WHAT YOU HAVE TO DO:
Repeat the listing below in full and exactly. Pictures are to be omitted.

DATA PROVIDED:
■ ■ ■ ■ ■ ■ ■

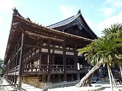 1587 befahl Toyotomi Hideyoshi, diese Halle zu bauen, um hier jeden Monat buddhistische Sutren zur Tröstung der Seelen der Kriegsgefallenen singen zu lassen. Als Hideyoshi 1598 starb, war das Gebäude noch nicht fertiggestellt, es fehlen Wände und Decken. Der eigentliche Name dieser Halle ist Toyokuni-Schrein (豊国神社, Toyokuni-jinja, dt. etwa „Schrein des üppigen Landes“), so benannt 1872 und der Seele Hideyoshis gewidmet; aber im Allgemeinen nennt man ihn Senjō-kaku (千畳閣), „Turm der tausend Tatamis“, eine Anspielung auf die Größe der Halle, die aus massiven Holzbalken- und Pfeilern erbaut ist.
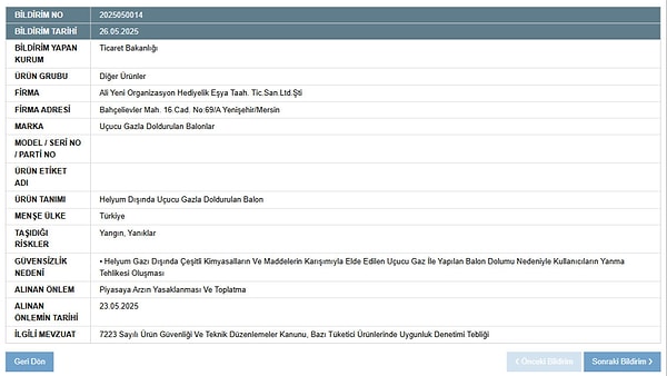 Bu kere de bolanlar hakkında bir karar alındı. Güvensiz Eser Bilgi Sistemi (GÜBİS) üzerinden yapılan bildirimde, Mersin’de faaliyet gösteren bir firmaya ilişkin uçucu gazla doldurulan balonların kullanıcı sıhhatini tehdit ettiği tespit edildi.
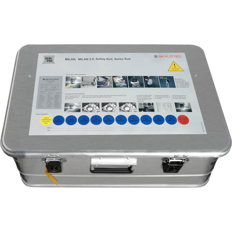 Alle Rettungsgeräte, auch ungenutzte, die für Notfälle vorgehalten werden, müssen einmal jährlich geprüft werden. Mit dem SEAL PAC wird diese regelmäßige Kontrolle vereinfacht. Das MILAN-Gerät liegt dazu in einer speziell versiegelten Aluminiumbox. Ein autorisierter Prüfer öffnet einmal im Jahr die Box und überprüft den Feuchtigkeitsindikator an der MILAN-Verpackung auf einwandfreien Soll-Zustand. Ist der Zustand in Ordnung, markiert der Prüfer Monat und Jahr der nächsten Inspektion, unterschreibt und versiegelt die Metallbox erneut mit einem SEAL PAC-Siegel. Dieses vereinfachte Revisionsverfahren spart Zeit und Kosten und es fallen keine aufwändigen Transportwege an. Die Einsatzzeit eines SEAL PACs beträgt 10 Jahre. Die Möglichkeit zum einmaligen Re-Sealing besteht nach 10 Jahren bis zu einer Gesamtlebensdauer von maximal 20 Jahren. ABMESSUNG SET 80m: 550x350x245mm

■ ■ ■ ■ ■ ■ ■

RESPONSE:
 1587 befahl Toyotomi Hideyoshi, diese Halle zu bauen, um hier jeden Monat buddhistische Sutren zur Tröstung der Seelen der Kriegsgefallenen singen zu lassen. Als Hideyoshi 1598 starb, war das Gebäude noch nicht fertiggestellt, es fehlen Wände und Decken. Der eigentliche Name dieser Halle ist Toyokuni-Schrein (豊国神社, Toyokuni-jinja, dt. etwa „Schrein des üppigen Landes“), so benannt 1872 und der Seele Hideyoshis gewidmet; aber im Allgemeinen nennt man ihn Senjō-kaku (千畳閣), „Turm der tausend Tatamis“, eine Anspielung auf die Größe der Halle, die aus massiven Holzbalken- und Pfeilern erbaut ist.
 Bu kere de bolanlar hakkında bir karar alındı. Güvensiz Eser Bilgi Sistemi (GÜBİS) üzerinden yapılan bildirimde, Mersin’de faaliyet gösteren bir firmaya ilişkin uçucu gazla doldurulan balonların kullanıcı sıhhatini tehdit ettiği tespit edildi.
 Alle Rettungsgeräte, auch ungenutzte, die für Notfälle vorgehalten werden, müssen einmal jährlich geprüft werden. Mit dem SEAL PAC wird diese regelmäßige Kontrolle vereinfacht. Das MILAN-Gerät liegt dazu in einer speziell versiegelten Aluminiumbox. Ein autorisierter Prüfer öffnet einmal im Jahr die Box und überprüft den Feuchtigkeitsindikator an der MILAN-Verpackung auf einwandfreien Soll-Zustand. Ist der Zustand in Ordnung, markiert der Prüfer Monat und Jahr der nächsten Inspektion, unterschreibt und versiegelt die Metallbox erneut mit einem SEAL PAC-Siegel. Dieses vereinfachte Revisionsverfahren spart Zeit und Kosten und es fallen keine aufwändigen Transportwege an. Die Einsatzzeit eines SEAL PACs beträgt 10 Jahre. Die Möglichkeit zum einmaligen Re-Sealing besteht nach 10 Jahren bis zu einer Gesamtlebensdauer von maximal 20 Jahren. ABMESSUNG SET 80m: 550x350x245mm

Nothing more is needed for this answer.